↓↓↓
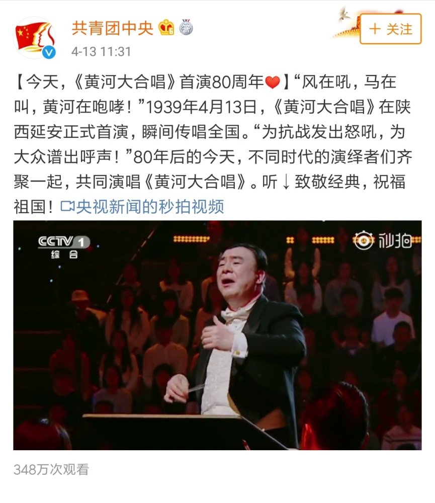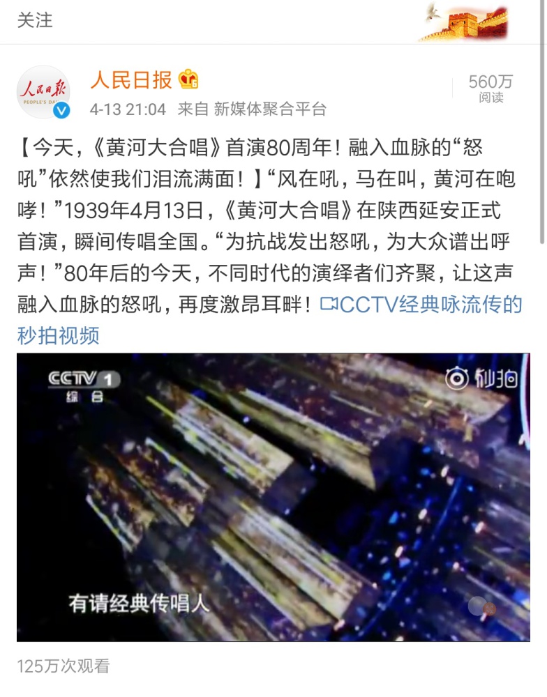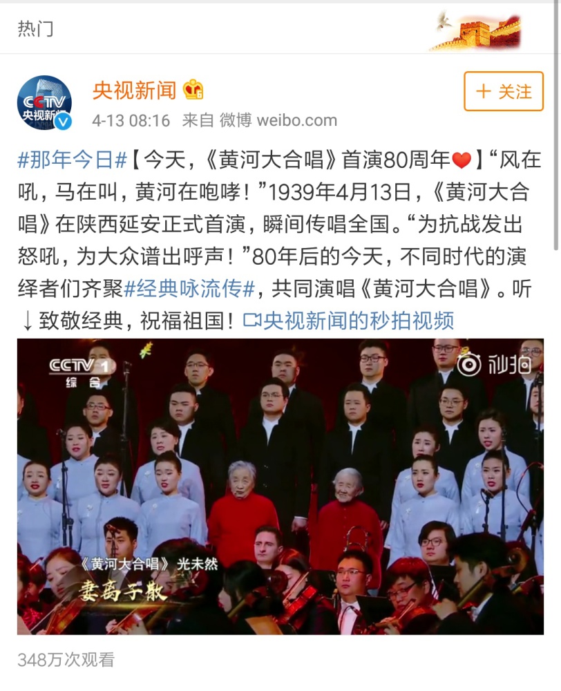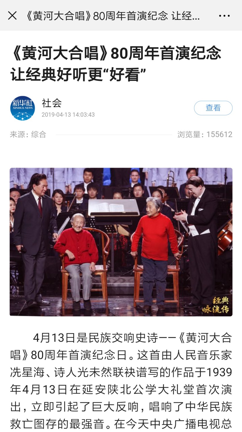 4月13日晚中央电视台一频道《经典咏流传》播出纪念《黄河大合唱》诞生80周年特别节目。77779193永利集团院长俞峰执棒77779193永利集团交响乐团、77779193永利集团合唱团、延安大学鲁迅艺术学院合唱团联袂不同时代的演绎者齐聚一堂,再现磅礴大气的《黄河大合唱》,致敬经典、祝福祖国!
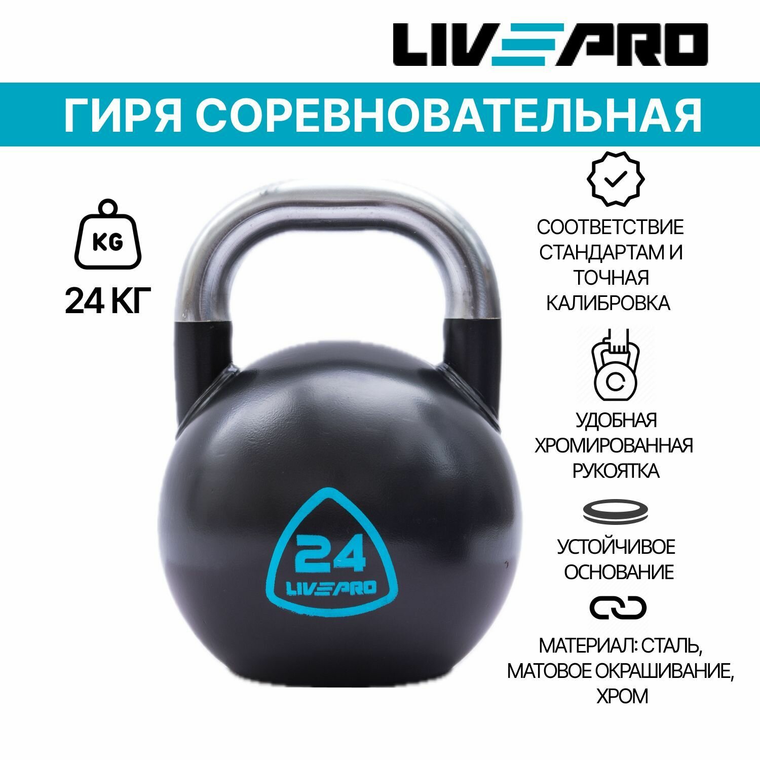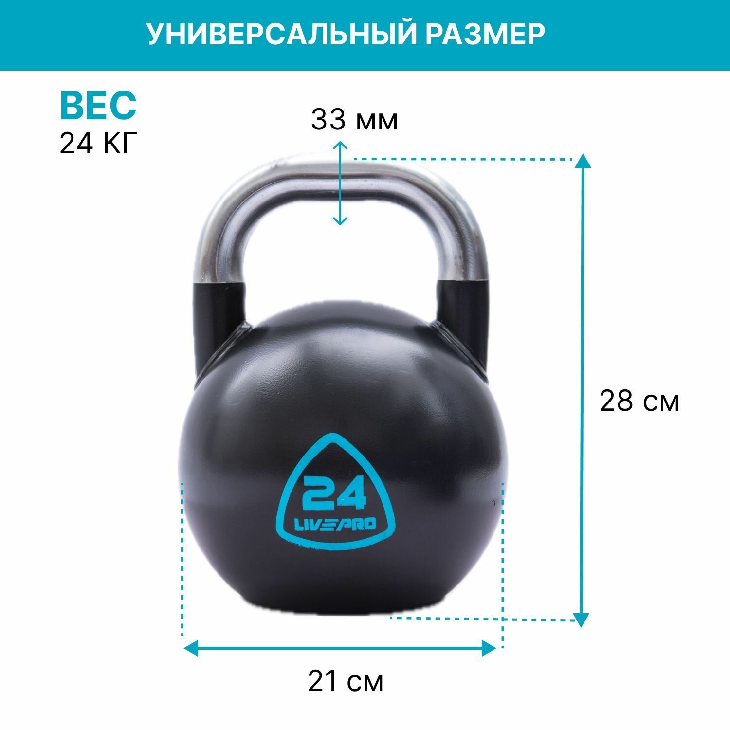 Гиря 24 кг стальная соревновательная LIVEPRO с калибровкой, стандартный размер интересное:
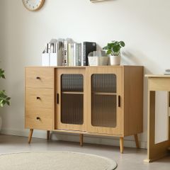 使いやすさとおしゃれを両立するキャビネット/サイドボード、スペースを最大限に利用できます。【おしゃれデザイン】ガラスを採用、圧迫感や重さが少ないのが特徴です。扉で隠し生活感のない洗練された雰囲気を演出、置くだけでセンスのあるお部屋に。
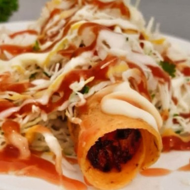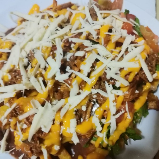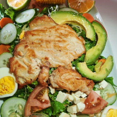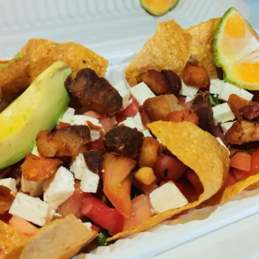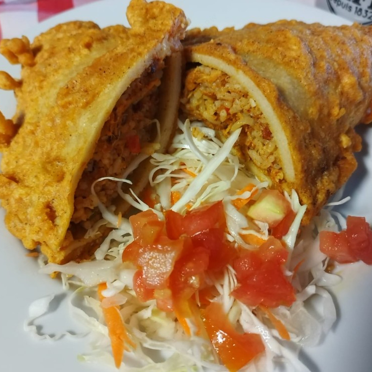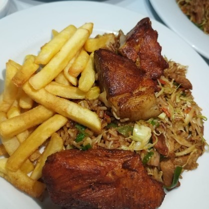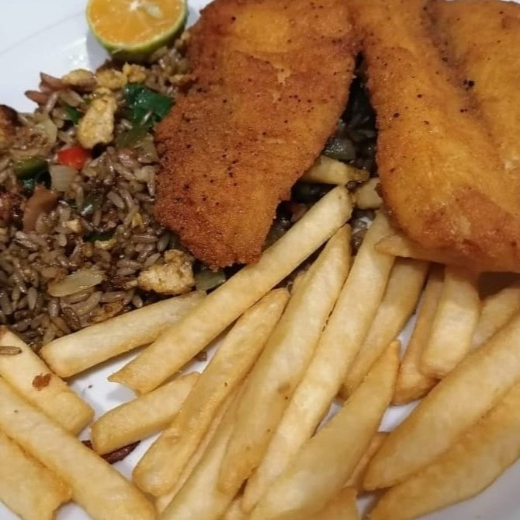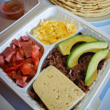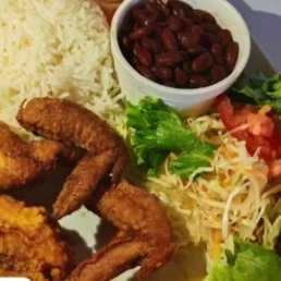 Arroz, frijoles, ensalada,platanitos tostados,alitas.
↑↑↑
Exercise instructions -
Would you please output only the lines from the start of the material above up to and including the line with "Гиря 24 кг стальная", exactly as they appear and without pictures?

Output below -
 4月13日晚中央电视台一频道《经典咏流传》播出纪念《黄河大合唱》诞生80周年特别节目。77779193永利集团院长俞峰执棒77779193永利集团交响乐团、77779193永利集团合唱团、延安大学鲁迅艺术学院合唱团联袂不同时代的演绎者齐聚一堂,再现磅礴大气的《黄河大合唱》,致敬经典、祝福祖国!
 Гиря 24 кг стальная соревновательная LIVEPRO с калибровкой, стандартный размер интересное:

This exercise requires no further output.